** Opening MATERIAL FOR THIS EXERCISE block **

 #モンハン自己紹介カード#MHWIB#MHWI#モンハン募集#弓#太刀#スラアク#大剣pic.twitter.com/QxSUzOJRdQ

** Closing MATERIAL FOR THIS EXERCISE block **
** Opening MATERIAL FOR THIS EXERCISE block **

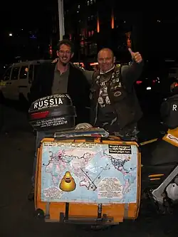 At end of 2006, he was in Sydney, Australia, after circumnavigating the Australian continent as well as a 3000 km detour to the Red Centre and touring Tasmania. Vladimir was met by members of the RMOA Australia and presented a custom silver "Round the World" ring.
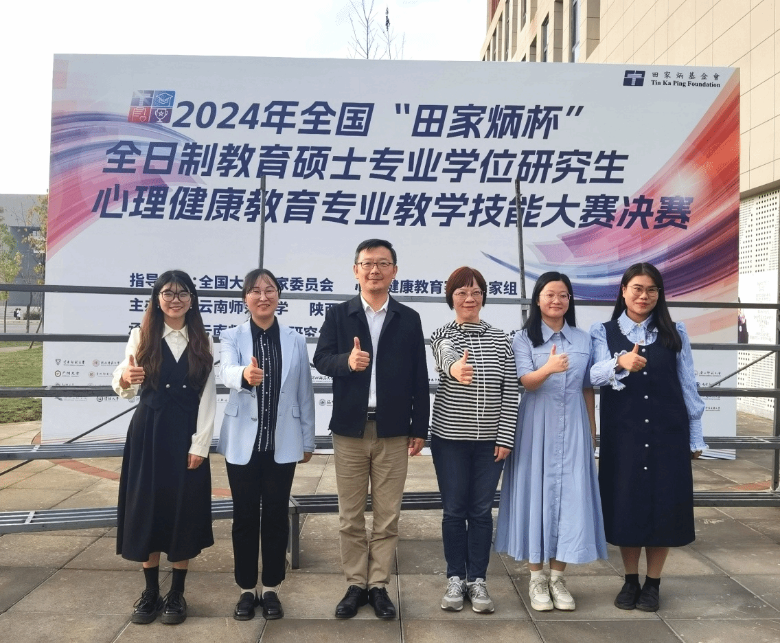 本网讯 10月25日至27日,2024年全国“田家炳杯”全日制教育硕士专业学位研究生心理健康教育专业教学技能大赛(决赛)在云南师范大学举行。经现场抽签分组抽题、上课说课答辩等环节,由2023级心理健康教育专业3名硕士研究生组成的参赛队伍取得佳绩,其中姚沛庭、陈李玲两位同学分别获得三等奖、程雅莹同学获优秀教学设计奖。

** Closing MATERIAL FOR THIS EXERCISE block **

WHAT YOU SHOULD DO: In the listing above, find the line containing "At end of 2006, he" and the line containing "本网讯 10月25日至27日". Print those two lines and every line between them exactly, with no pictures.

ANSWER TO THIS EXERCISE:
 At end of 2006, he was in Sydney, Australia, after circumnavigating the Australian continent as well as a 3000 km detour to the Red Centre and touring Tasmania. Vladimir was met by members of the RMOA Australia and presented a custom silver "Round the World" ring.
 本网讯 10月25日至27日,2024年全国“田家炳杯”全日制教育硕士专业学位研究生心理健康教育专业教学技能大赛(决赛)在云南师范大学举行。经现场抽签分组抽题、上课说课答辩等环节,由2023级心理健康教育专业3名硕士研究生组成的参赛队伍取得佳绩,其中姚沛庭、陈李玲两位同学分别获得三等奖、程雅莹同学获优秀教学设计奖。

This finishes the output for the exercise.